Со своей стороны, Мо Вассерман не особенно заботился о том, что этот здоровяк-детектив думает о евреях, о войне и так далее. Он впустил Джо и зашаркал, включая свет. Магазин был разорен сильнее, чем ожидал Джо, — все разбито, пол усыпан осколками стекла и посуды, обломками мебели. Старик тоже пострадал — марля и пластырь на правой скуле, лиловые синяки на лице. Кто-то разгреб мусор на полу, расчистив дорожку от входной двери до черного хода.
Вассерман проследил взгляд полицейского и пожал плечами:
— Я еще не прибирался. Только подобрал с пола еду, вот и все. Что толку стирать носки, если собираешься их выкинуть!
— Может быть, расскажете, что случилось?
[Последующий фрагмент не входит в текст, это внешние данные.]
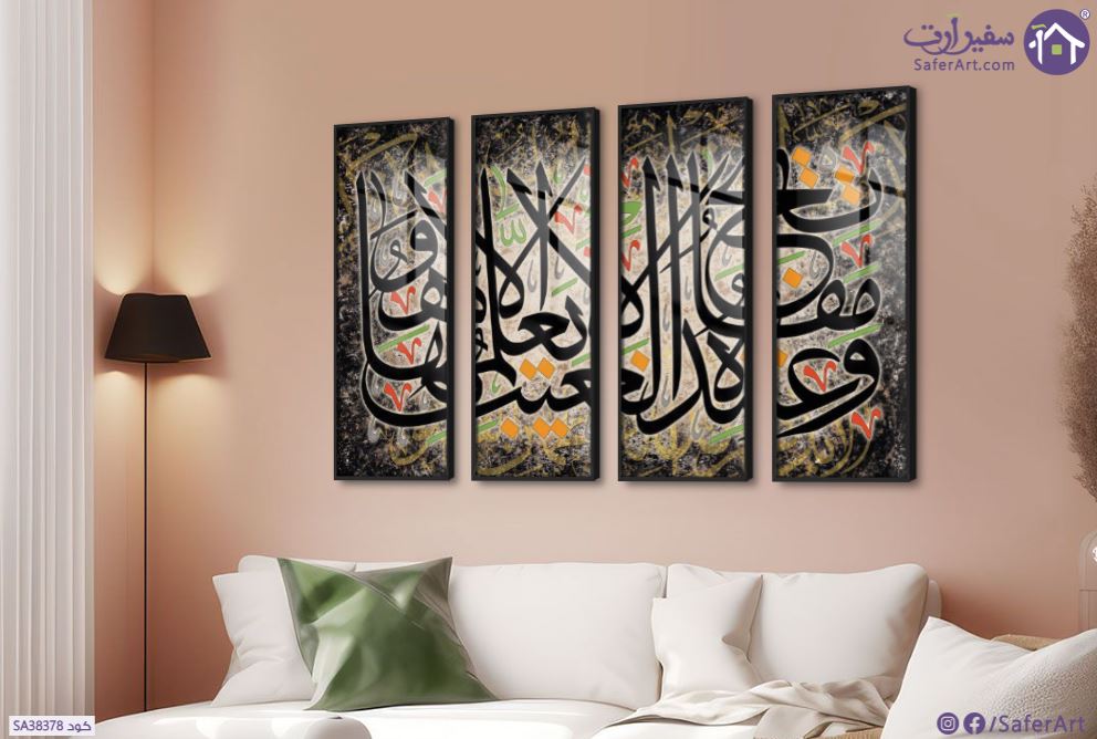 ﴿ وَعِندَهُ مَفَاتِحُ الْغَيْبِ لاَ يَعْلَمُهَا إِلاَّ هُوَ ﴾ تابلوه مودرن بكتابة عربية ونقوش إسلامية ، تابلوه مميز لمحبي الفن الإسلامي .., متوفر بمقاسات متعددة يمكنك اختيار او تغيير المقاس عند الطلب ,بتصميم مميز لـ تابلوهات مودرن, تابلوهات مودرن , لوحات فنية مودرن ايات قرآنية و خط عربى, اسلامى - ايات قرآنية و خط عربى , التابلوه يغلب عليه الالوان اسود, الوان داكنة, رمادى , و مصمم بالشكل التالى 4 قطع, متعدد القطع ( اى عدد ) , اكريليك, بالعرض, ببرواز, برواز اسود, مستطيل , مناسب لديكور حوائط غرفة الاستقبال, غرفة المعيشة, مدخل المنزل, مكاتب – شركات - اعمال , و هو يتميز بالسمات التالية : ديجيتال آرت, قابل للتعديل, كتابات و حروف, لوحات فنية, مودرن , متوفر الان فى مصر و يأتى جاهز للتركيب مع دليل التركيب و اكسسوارات التركيب اللازمه

Всю историю от начала до конца?
— Историю? Какую историю? Вот она, история. Смотрите сами.
— Вы ничего не можете нам сообщить, мистер Вассерман?
— Вы их все равно не поймаете. Между нами… — Он сделал извиняющийся жест — помахал рукой, как бы говоря: «Простите за такие слова, но…» — Я вообще удивлен, что вы здесь.
— Почему?
— Вы ведь не из Уэст-Энда, детектив…
— Дэйли. Джо.
— …детектив Дэйли. Вы не местный.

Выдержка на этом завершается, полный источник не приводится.